## Problem description:
Your answer must be the lines from the one holding "Le masque avec" through the final line of the entries below, copied exactly, with no pictures.

[[ Data to examine open ]]

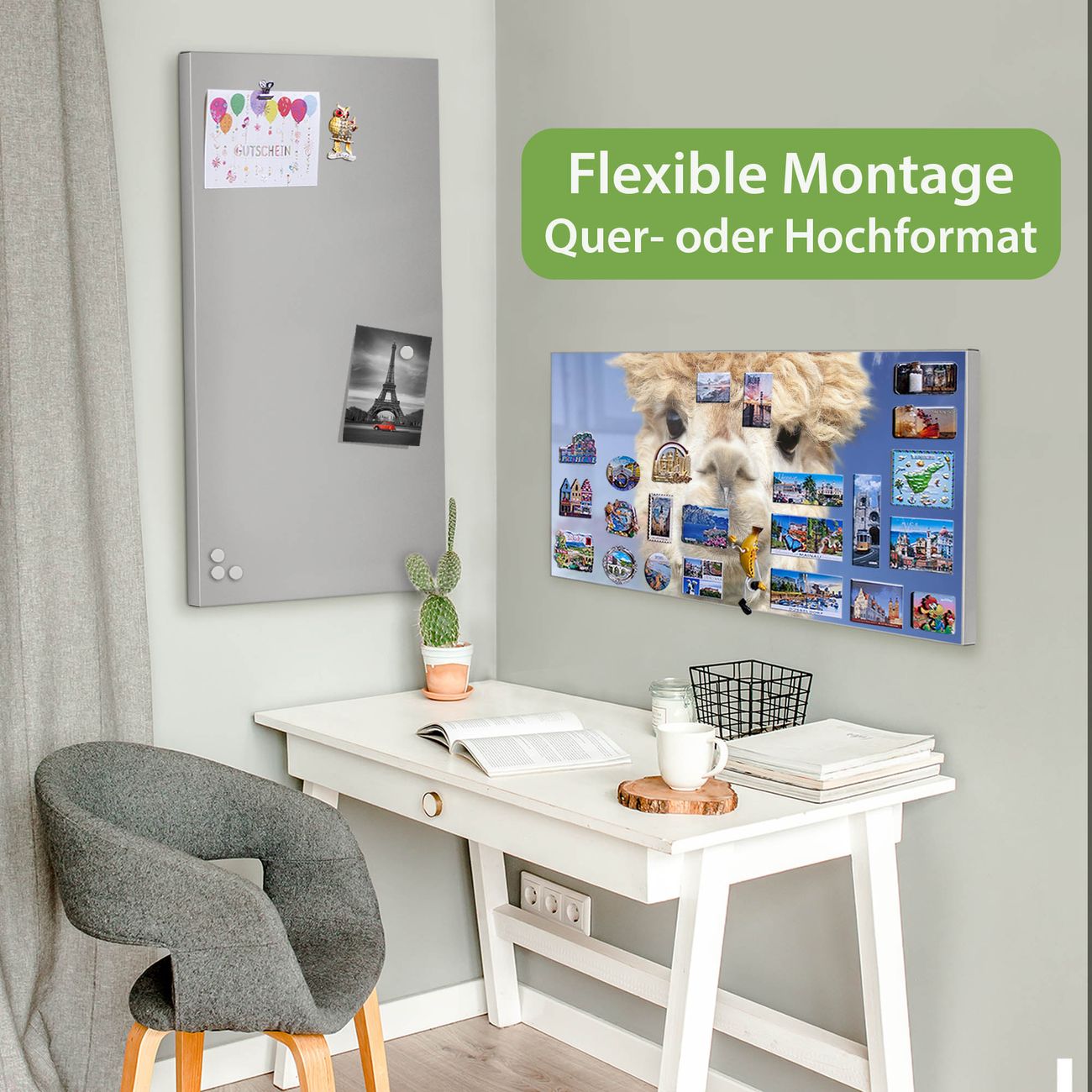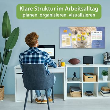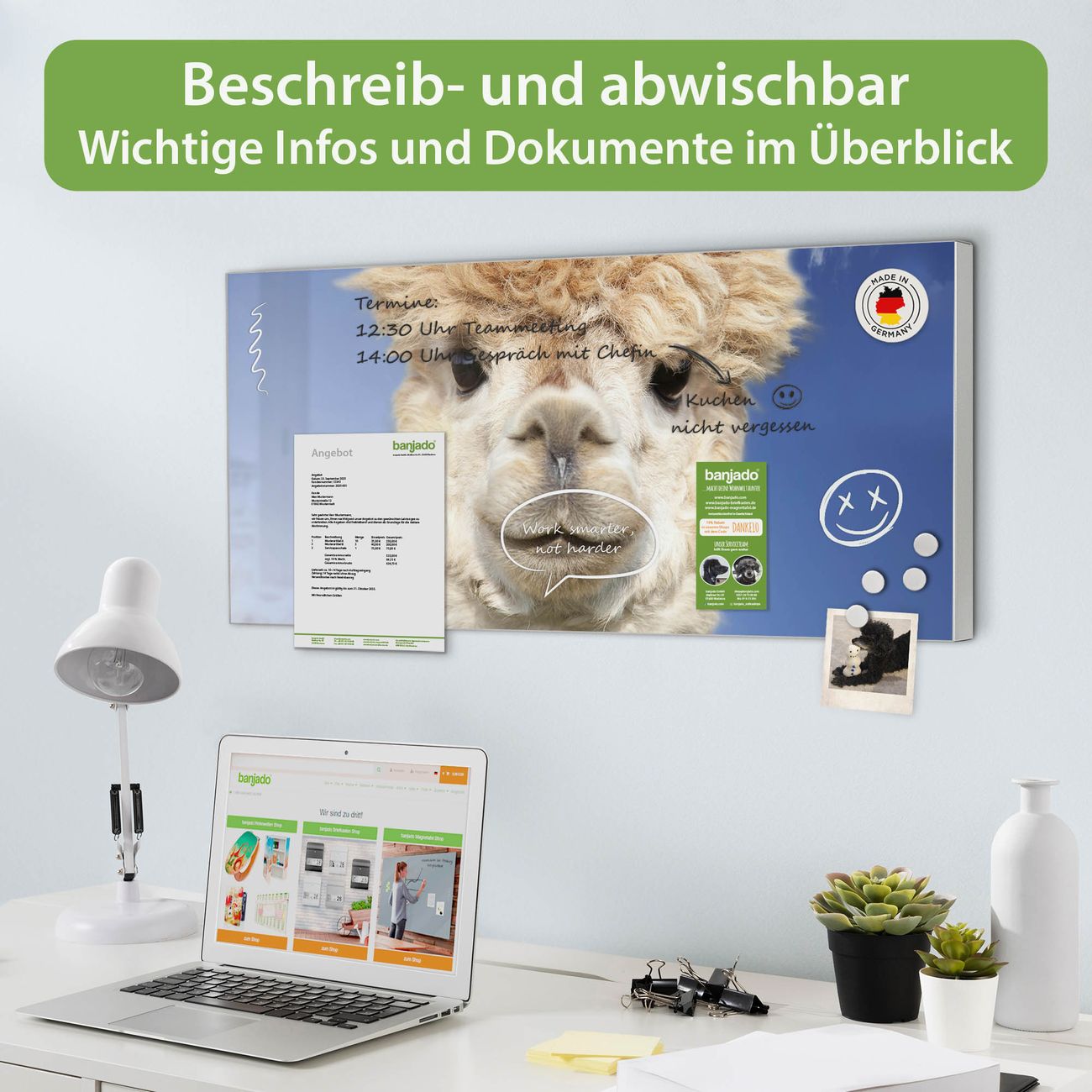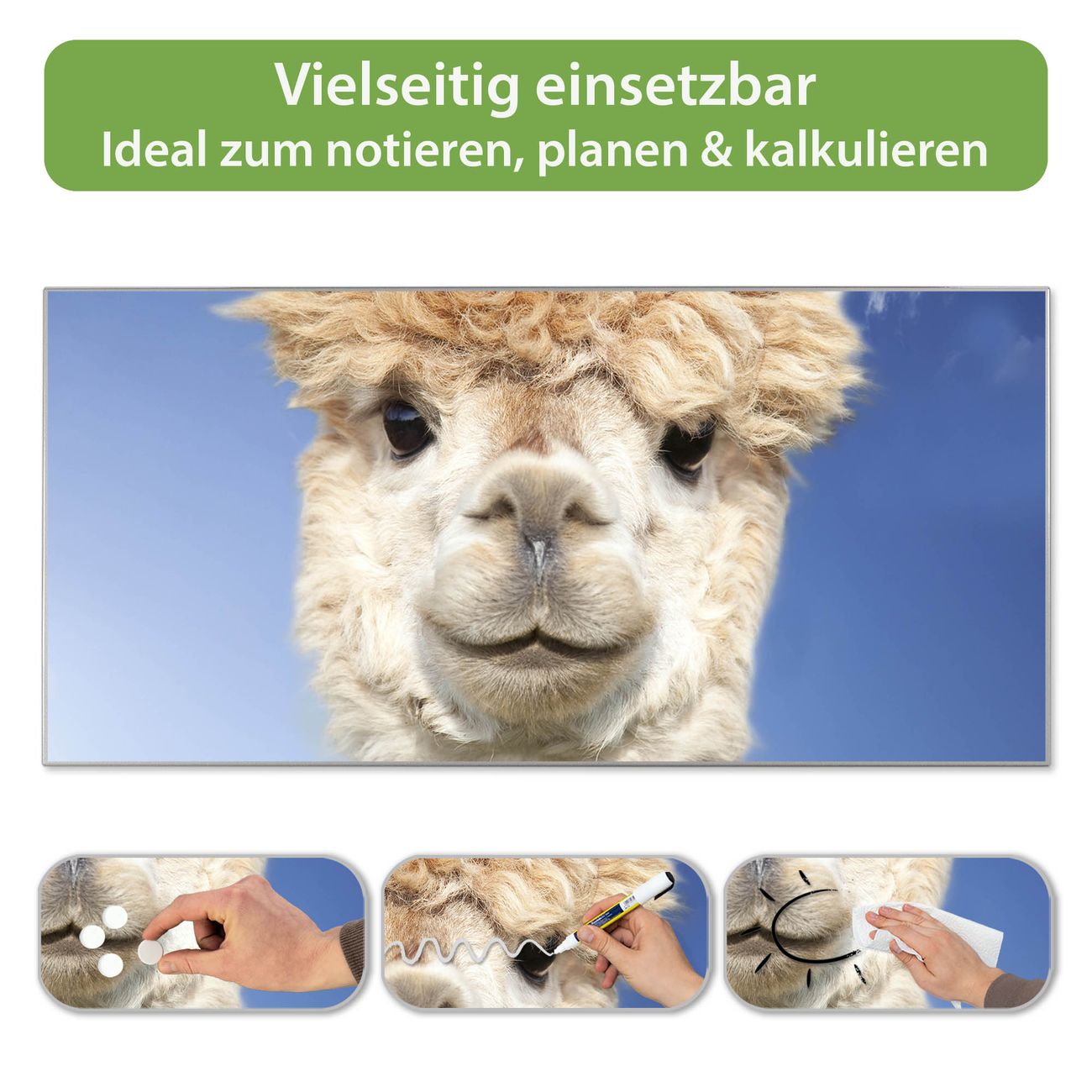 FUNKTION: Die banjado Magnettafel 78x37 cm im Design Motiv Lama vereint Funktionalität und modernes Wohndesign auf stilvolle Weise. Diese hochwertige Magnetwand aus Metall hilft Ihnen dabei, Notizen, Fotos, Termine, Einkaufslisten oder Rezepte übersichtlich zu organisieren. Als praktisches Memoboard sorgt sie für Struktur im Alltag und setzt gleichzeitig einen dekorativen Akzent an Ihrer Wand. DESIGN: Die Metalltafel besteht aus robustem, lackiertem Stahl und ist mit allen handelsüblichen Magneten nutzbar. Besonders praktisch ist die beschreibbare Oberfläche. Sie können die Magnettafel ganz einfach mit Kreidestiften beschriften und die Inhalte bei Bedarf mit einem feuchten Tuch wieder entfernen. So eignet sich das Memoboard ideal für Wochenpläne, Menüpläne, To Do Listen oder kreative Botschaften. DETAILS: Mit ihrem großzügigen Querformat von 78x37 cm bietet die Magnettafel ausreichend Platz für Ihre Organisation. Das Motiv Motiv Lama bringt eine warme, natürliche Optik in Küche, Flur, Büro oder Homeoffice und wirkt auch ohne Magnete oder Beschriftung wie ein modernes Wandbild. NUTZEN: Auf der Rückseite befinden sich vorgefertigte Löcher für eine schnelle und unkomplizierte Wandmontage. Jede banjado Magnettafel wird in Deutschland gefertigt und steht für Qualität, Langlebigkeit und liebevolle Verarbeitung. Dieses beschreibbare Memoboard ist die perfekte Kombination aus Metalltafel, Designobjekt und praktischer Magnetwand für Ihren Alltag. BANJADO: Wir sind ein kleines Team aus dem Herzen von Sachsen. Wir fertigen alle Artikel von Hand für Sie an, Sie erhalten keine preiswerte Importware. Auf Wunsch können Sie auch Ihr eigenes Foto auf die Magnettafel aufbringen, schreiben Sie uns an. Herzlichst, Ihr banjado-Team
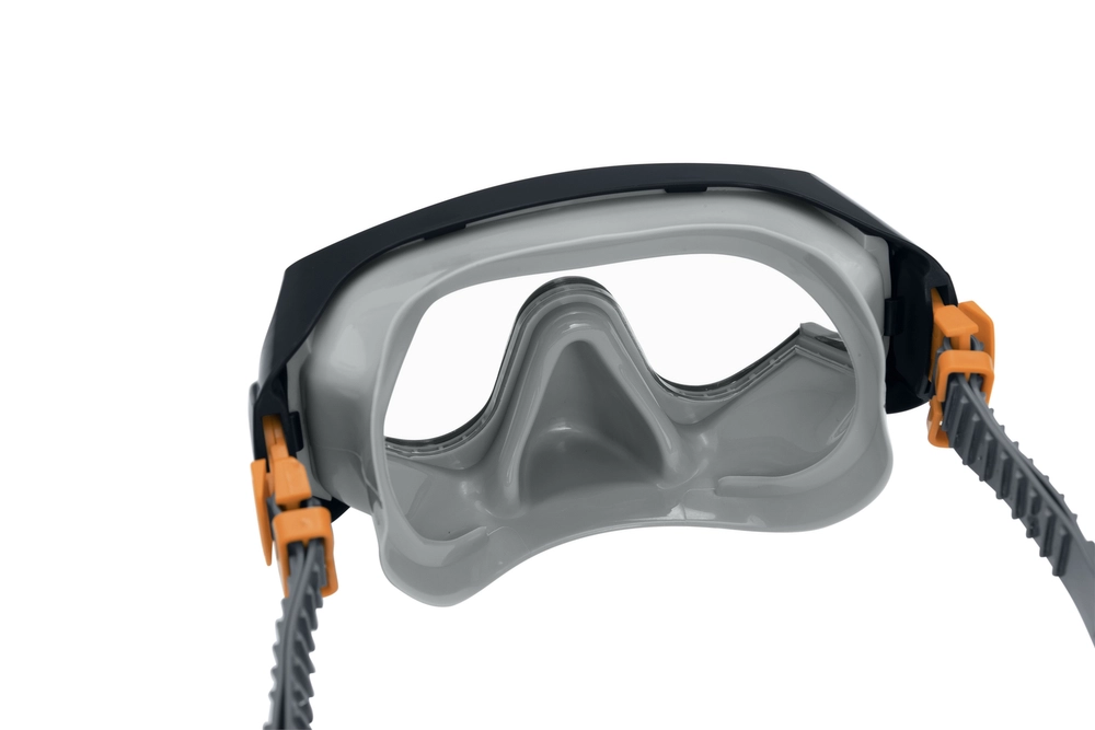 Le masque avec lentilles en polycarbonate antichoc et protection UV assure une excellente visibilité et sécurité sous l’eau.
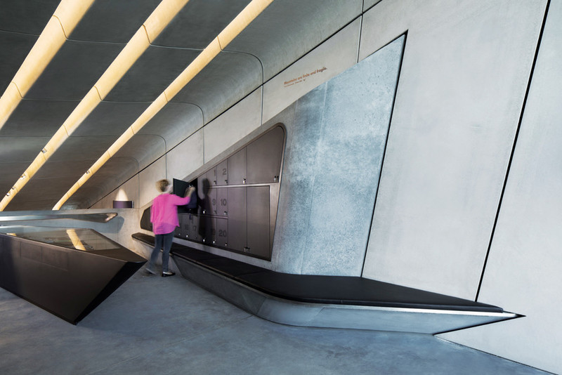 近日甫落成開放的MMM Corones,是The Messner Mountain Museum於Kronplatz峰頂六個建築物當中最後完成的建築體,由知名的伊拉克裔英國建築師Zaha Hadid操刀設計,維持她一貫的設計風格,淺灰色調的混凝土建材搭配流線型的未來感造型,從崖壁突出的懸臂式觀景台,在山峰頂端其存在感更為明顯且更具戲劇張力。
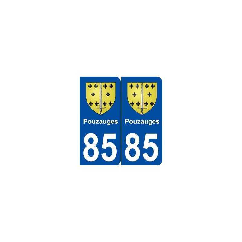 85 Pouzauges escudo de armas de la etiqueta engomada de la placa de registro de pegatinas de la ciudad
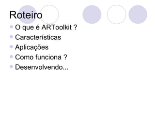 O documento descreve o ARToolkit, uma biblioteca open source para desenvolvimento de realidade aumentada. Ele funciona capturando imagens da câmera, identificando marcadores nelas e sobrepondo objetos 3D de forma precisa. Exemplos de aplicações são a sobreposição de objetos virtuais em cartões reais e interação com propriedades dos marcadores.
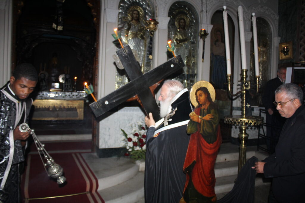 Η συγκίνηση διάχυτη στο πρόσωπο του Πάπα και Πατριάρχη Αλεξανδρείας και Πάσης Αφρικής κ. κ. Θεοδώρου Β’, καθώς μέσα στο Ναό οι φλόγες των κεριών και των καντηλιών σχημάτιζαν επί του προσώπου του έμψυχες σκιές, θαρρείς και οι παλιοί Αιγυπτιώτες που έφυγαν απ΄ τη ζωή, βίωναν μαζί με τους παριστάμενους πιστούς το μέγεθος και τη διάσταση της Υπέρτατης Θυσίας.

[[ Data to examine closed ]]

## Response:
 Le masque avec lentilles en polycarbonate antichoc et protection UV assure une excellente visibilité et sécurité sous l’eau.
 近日甫落成開放的MMM Corones,是The Messner Mountain Museum於Kronplatz峰頂六個建築物當中最後完成的建築體,由知名的伊拉克裔英國建築師Zaha Hadid操刀設計,維持她一貫的設計風格,淺灰色調的混凝土建材搭配流線型的未來感造型,從崖壁突出的懸臂式觀景台,在山峰頂端其存在感更為明顯且更具戲劇張力。
 85 Pouzauges escudo de armas de la etiqueta engomada de la placa de registro de pegatinas de la ciudad
 O documento descreve o ARToolkit, uma biblioteca open source para desenvolvimento de realidade aumentada. Ele funciona capturando imagens da câmera, identificando marcadores nelas e sobrepondo objetos 3D de forma precisa. Exemplos de aplicações são a sobreposição de objetos virtuais em cartões reais e interação com propriedades dos marcadores.
 Η συγκίνηση διάχυτη στο πρόσωπο του Πάπα και Πατριάρχη Αλεξανδρείας και Πάσης Αφρικής κ. κ. Θεοδώρου Β’, καθώς μέσα στο Ναό οι φλόγες των κεριών και των καντηλιών σχημάτιζαν επί του προσώπου του έμψυχες σκιές, θαρρείς και οι παλιοί Αιγυπτιώτες που έφυγαν απ΄ τη ζωή, βίωναν μαζί με τους παριστάμενους πιστούς το μέγεθος και τη διάσταση της Υπέρτατης Θυσίας.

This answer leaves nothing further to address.